Are you someone who is so done with their traditional databases?
Are you not able to extract substantial value from your datasets?
Are you worried about using Machine Learning models for your data?

Well, you can now leave all your worries behind as you might have the all-in-one solution with MindsDB. As the name suggests, MindsDB literally adds a mind/brain to you existing database and makes it smarter by enabling easy data predictions from available datasets directly within the databases without any additional setups.

Currently, MindsDB offers both free community versions and paid versions to all of its users and the user gets the ability to choose from two available hosting models i.e., Self-Deployment via Docker/Pip or MindsDB Cloud.

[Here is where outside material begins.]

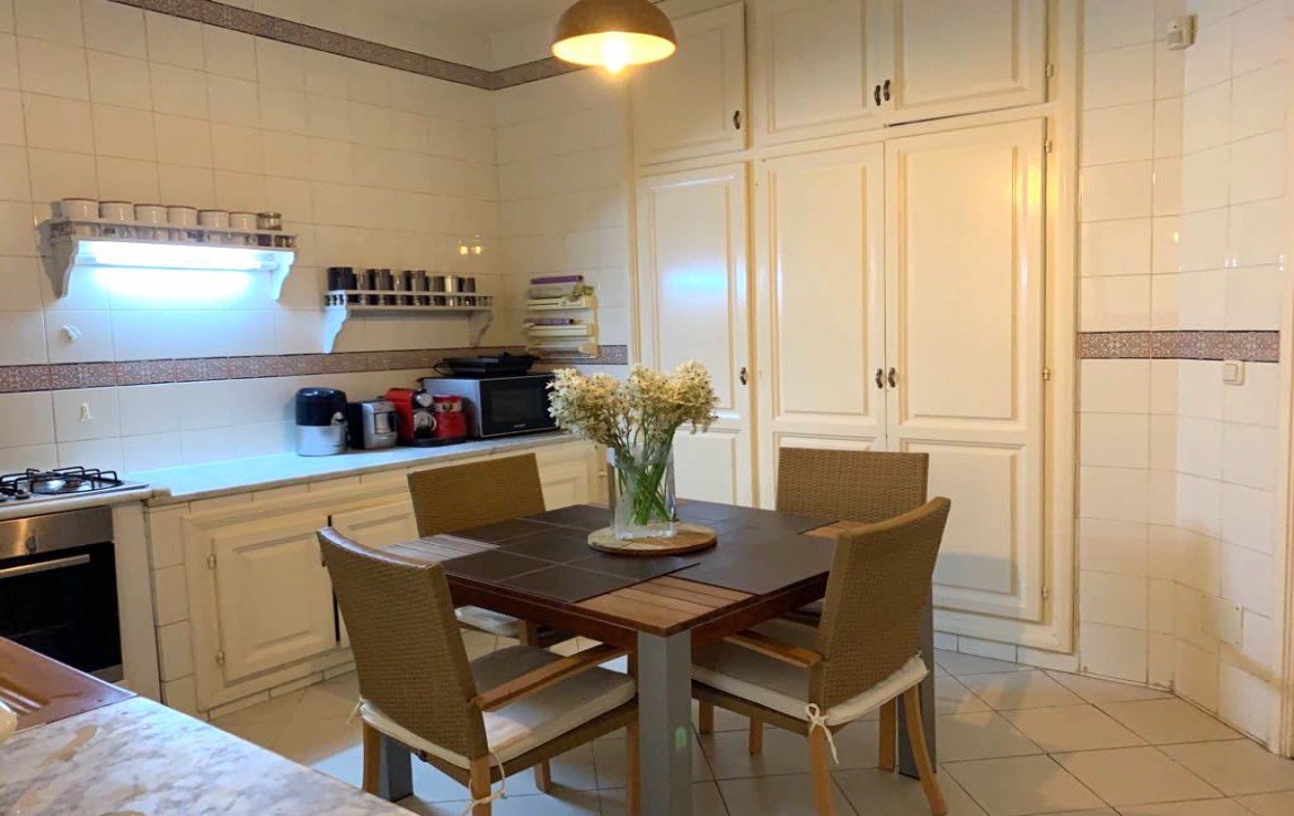Composé d’un Hall d’entrée, d’un Salon spacieux avec une grande Terrasse, d’une Cuisine avec Chambre de service et Séchoir, d’une Suite parentale avec Sdb, de 2 Chambres à couvher avec Sdb commune et d’une Sde.

Today let's learn one of the important aspects while using MindsDB i.e., Creating Views.

Creating a View will require two things.

  • A Dataset
  • A Predictor Model

So, let's get started with adding a dataset followed by creating the predictor model.

Importing the Dataset

We will use MindsDB Cloud to perform all the operations required to create a view. Let's begin by logging in/ signing up to the MindsDB account and then following the steps below.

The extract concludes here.